### WORK ITEM
With the pictures left out, restate exactly the part below that opens with the line containing "Yellow Subs Xtreme es" and closes with the line containing "Levando em sacolas".

### INFORMATION SHOWN
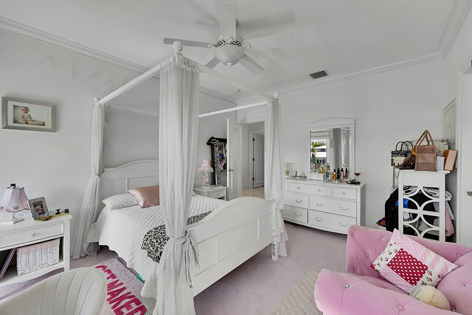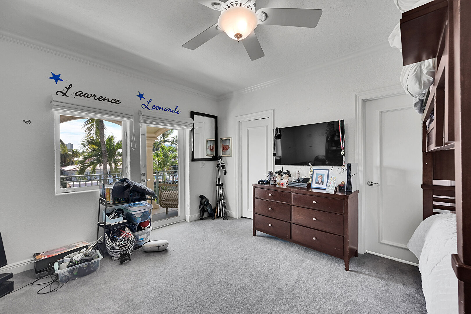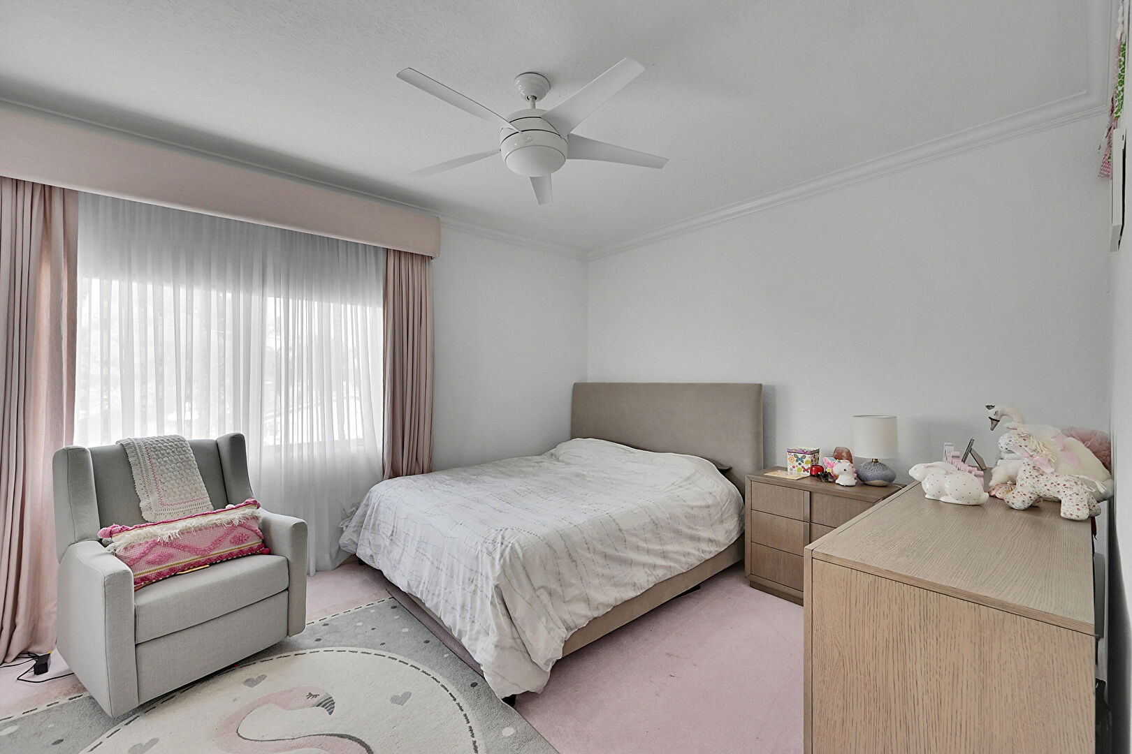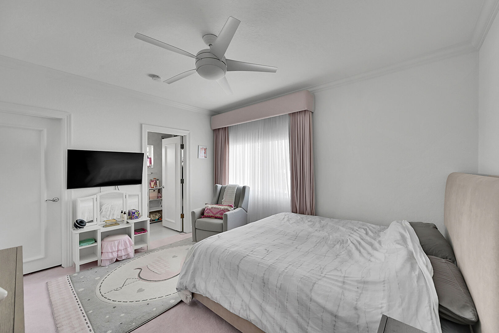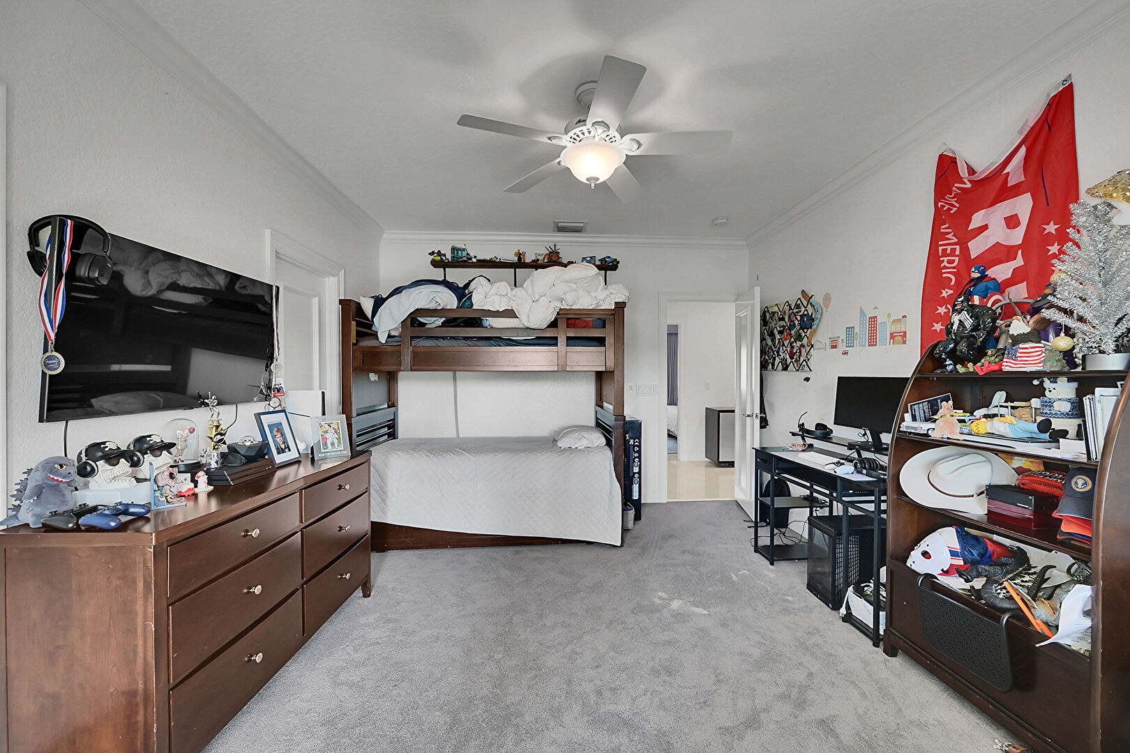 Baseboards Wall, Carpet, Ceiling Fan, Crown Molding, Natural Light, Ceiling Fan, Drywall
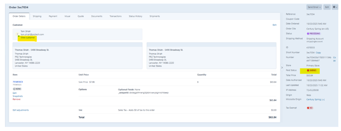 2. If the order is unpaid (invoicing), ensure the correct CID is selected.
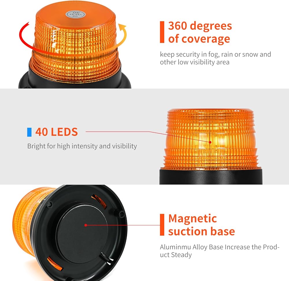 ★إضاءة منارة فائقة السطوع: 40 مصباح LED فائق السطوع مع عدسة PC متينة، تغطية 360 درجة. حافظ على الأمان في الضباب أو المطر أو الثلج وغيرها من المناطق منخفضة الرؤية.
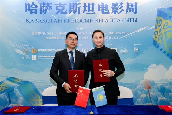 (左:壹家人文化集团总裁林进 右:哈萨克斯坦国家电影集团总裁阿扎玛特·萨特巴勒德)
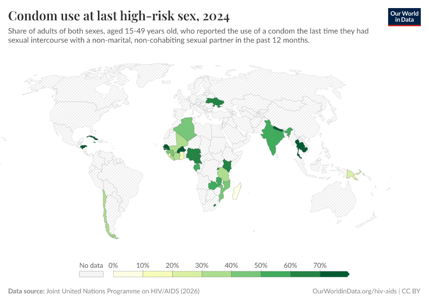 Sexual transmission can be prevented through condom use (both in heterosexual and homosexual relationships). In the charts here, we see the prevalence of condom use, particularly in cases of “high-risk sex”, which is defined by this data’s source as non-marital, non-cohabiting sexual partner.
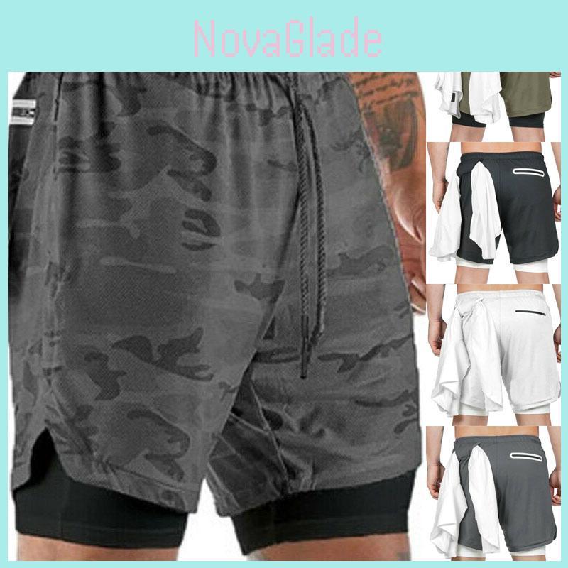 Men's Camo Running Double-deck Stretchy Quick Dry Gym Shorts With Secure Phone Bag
...
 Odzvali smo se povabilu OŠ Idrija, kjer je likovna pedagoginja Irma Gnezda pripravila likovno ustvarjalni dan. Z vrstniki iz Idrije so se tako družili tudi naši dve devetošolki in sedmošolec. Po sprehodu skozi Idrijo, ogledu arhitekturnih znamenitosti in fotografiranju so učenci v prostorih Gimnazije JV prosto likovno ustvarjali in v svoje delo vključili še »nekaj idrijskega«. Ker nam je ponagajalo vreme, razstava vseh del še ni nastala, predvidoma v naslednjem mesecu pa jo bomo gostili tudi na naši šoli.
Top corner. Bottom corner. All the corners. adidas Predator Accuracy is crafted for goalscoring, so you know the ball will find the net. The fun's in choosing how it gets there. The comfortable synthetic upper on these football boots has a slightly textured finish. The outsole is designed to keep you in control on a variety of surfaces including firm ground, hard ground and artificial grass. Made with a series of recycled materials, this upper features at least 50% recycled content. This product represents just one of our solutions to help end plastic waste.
---
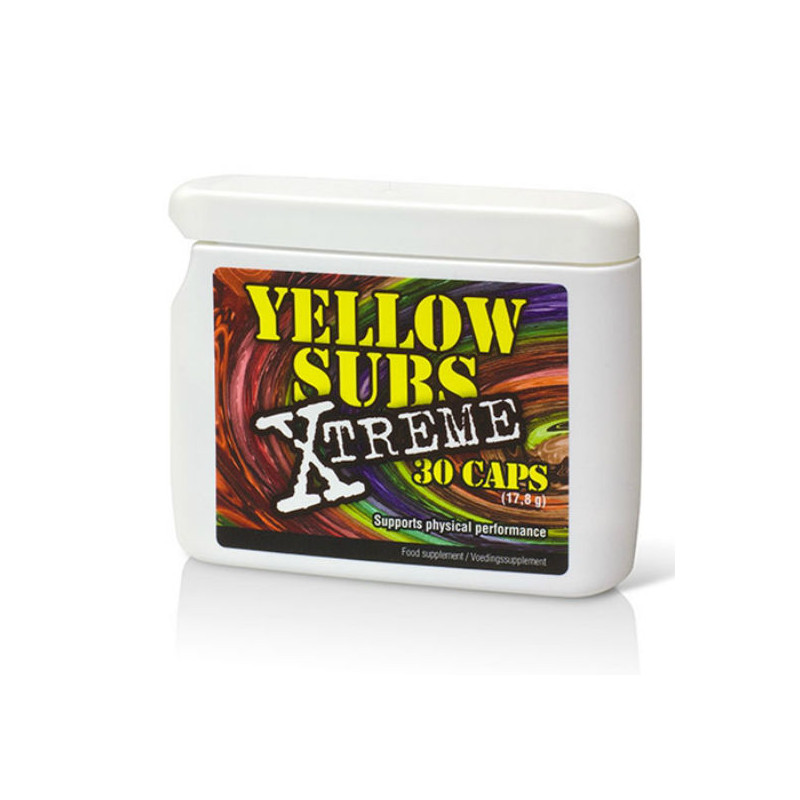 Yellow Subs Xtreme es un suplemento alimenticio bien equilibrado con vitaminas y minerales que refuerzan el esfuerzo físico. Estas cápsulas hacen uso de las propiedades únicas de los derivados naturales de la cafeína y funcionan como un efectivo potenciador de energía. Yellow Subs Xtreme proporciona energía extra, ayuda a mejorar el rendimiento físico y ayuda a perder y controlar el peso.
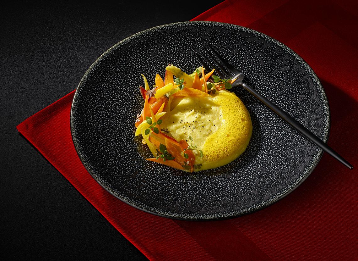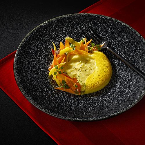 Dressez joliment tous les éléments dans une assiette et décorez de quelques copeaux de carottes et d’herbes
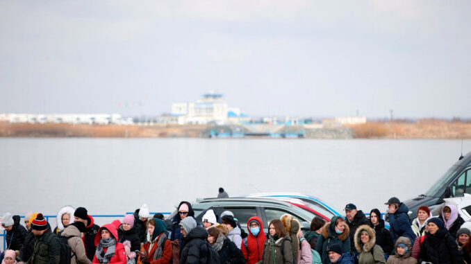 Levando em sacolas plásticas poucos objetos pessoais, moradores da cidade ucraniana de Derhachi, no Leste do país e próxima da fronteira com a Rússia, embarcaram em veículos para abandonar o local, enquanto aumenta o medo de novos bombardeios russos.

### TASK RESULT
 Yellow Subs Xtreme es un suplemento alimenticio bien equilibrado con vitaminas y minerales que refuerzan el esfuerzo físico. Estas cápsulas hacen uso de las propiedades únicas de los derivados naturales de la cafeína y funcionan como un efectivo potenciador de energía. Yellow Subs Xtreme proporciona energía extra, ayuda a mejorar el rendimiento físico y ayuda a perder y controlar el peso.
 Dressez joliment tous les éléments dans une assiette et décorez de quelques copeaux de carottes et d’herbes
 Levando em sacolas plásticas poucos objetos pessoais, moradores da cidade ucraniana de Derhachi, no Leste do país e próxima da fronteira com a Rússia, embarcaram em veículos para abandonar o local, enquanto aumenta o medo de novos bombardeios russos.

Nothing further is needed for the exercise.